# Any Shows or Competitions in Oregon/Washington in 2020??



## SomeguyinPDX (Dec 8, 2012)

Any Shows or Competitions in Oregon/Washington in 2020??


----------



## preston (Dec 10, 2007)

I'd like to think so. I only knew about one in Washington last year and it was pretty sparsely attended. I got at least one email from the organization (IASCA ?) so hopefully I"m on some list somewhere. 
I was excited because I got 2nd/6th in my first comp and some nice comments from the judge.


----------



## Jscoyne2 (Oct 29, 2014)

SomeguyinPDX said:


> Any Shows or Competitions in Oregon/Washington in 2020??

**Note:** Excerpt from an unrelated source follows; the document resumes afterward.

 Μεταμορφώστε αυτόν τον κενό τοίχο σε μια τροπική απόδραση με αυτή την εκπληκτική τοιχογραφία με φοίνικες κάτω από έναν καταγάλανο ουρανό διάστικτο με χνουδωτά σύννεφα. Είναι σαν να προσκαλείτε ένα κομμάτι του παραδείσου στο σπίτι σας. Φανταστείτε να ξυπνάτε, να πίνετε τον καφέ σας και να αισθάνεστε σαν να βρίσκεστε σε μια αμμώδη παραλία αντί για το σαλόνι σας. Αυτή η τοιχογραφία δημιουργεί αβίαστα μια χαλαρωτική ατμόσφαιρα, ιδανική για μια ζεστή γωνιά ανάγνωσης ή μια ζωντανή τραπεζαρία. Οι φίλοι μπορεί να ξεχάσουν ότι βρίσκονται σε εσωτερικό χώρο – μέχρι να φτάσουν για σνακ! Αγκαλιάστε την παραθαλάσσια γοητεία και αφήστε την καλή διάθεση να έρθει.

Plus Surf City in August every year. Big event. Sq and spl.










Sent from my XT1710-02 using Tapatalk


----------



## imickey503 (Dec 16, 2015)

Would be cool.


----------



## SomeguyinPDX (Dec 8, 2012)

Jscoyne2 said:


> Plus Surf City in August every year. Big event. Sq and spl.
> 
> 
> 
> ...


Is Surf City usually held in Lincoln City? If so, I was there a few years ago and it was a good one, in between the rain showers.


----------



## Jscoyne2 (Oct 29, 2014)

Yup but its only rained one day in the last 4 years

Sent from my XT1710-02 using Tapatalk


----------



## imickey503 (Dec 16, 2015)

Oh! Lincoln City. 

That was the first time I saw that Wonderful Windshield decal of the soundstream Logo. And that Great Minitruck with the Body color Matched Thing they put on the back of trucks. 

That thing was sooooo COOL! 

I'm waiting to get a Soundstream Class "a" amp for the front stage, the Old Skool kind all built up and modified to the hilt for my front end. Those things are so valuable these days, I don't really want to put it in a car. So A Soundstream Subwoofer will have to do. 

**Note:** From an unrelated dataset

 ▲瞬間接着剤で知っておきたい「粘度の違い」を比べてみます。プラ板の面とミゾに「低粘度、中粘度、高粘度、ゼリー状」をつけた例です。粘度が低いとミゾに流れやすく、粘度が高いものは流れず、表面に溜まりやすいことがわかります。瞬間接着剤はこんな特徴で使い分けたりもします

When I get ready for a Show, I want to install something like those Old skool Nixie Tube Meters, and some real cool stuff that is true DIY gear that the O.G. dudes of the past use to do. 

I really miss the Spirit of the old days you know? The Girls were all cool. The dudes were all Blue collar bass heads that spent their cash on the system and had just $20 bucks for gas to get back home. 

Man.. Those were the days. 


Hope to have something like this happen again in the next few years. A real Salt of the earth type meet where guys like Less Schwab are there to Cooking Hot dogs. Maybe Big D could ride his BMX.


----------



## Jahuntley79 (Jan 5, 2020)

Sonic Audio in Tualatin, OR. They are sponsoring a 2 day sound competition. I believe it is 4/18 and 4/19. I'll probably participate in the newbie sq class.


----------



## Jahuntley79 (Jan 5, 2020)

There is also a competition on 3/15 in Keizer, OR I believe it is spl, sq and more.


----------



## preston (Dec 10, 2007)

I"m tenatively planning on going to the Mar 14 comp in Lacey WA. 
Anyone else ?


----------



## kdittoe (Apr 24, 2019)

preston said:


> I"m tenatively planning on going to the Mar 14 comp in Lacey WA.
> Anyone else ?


I'll be there


----------



## kdittoe (Apr 24, 2019)

SomeguyinPDX said:


> Any Shows or Competitions in Oregon/Washington in 2020??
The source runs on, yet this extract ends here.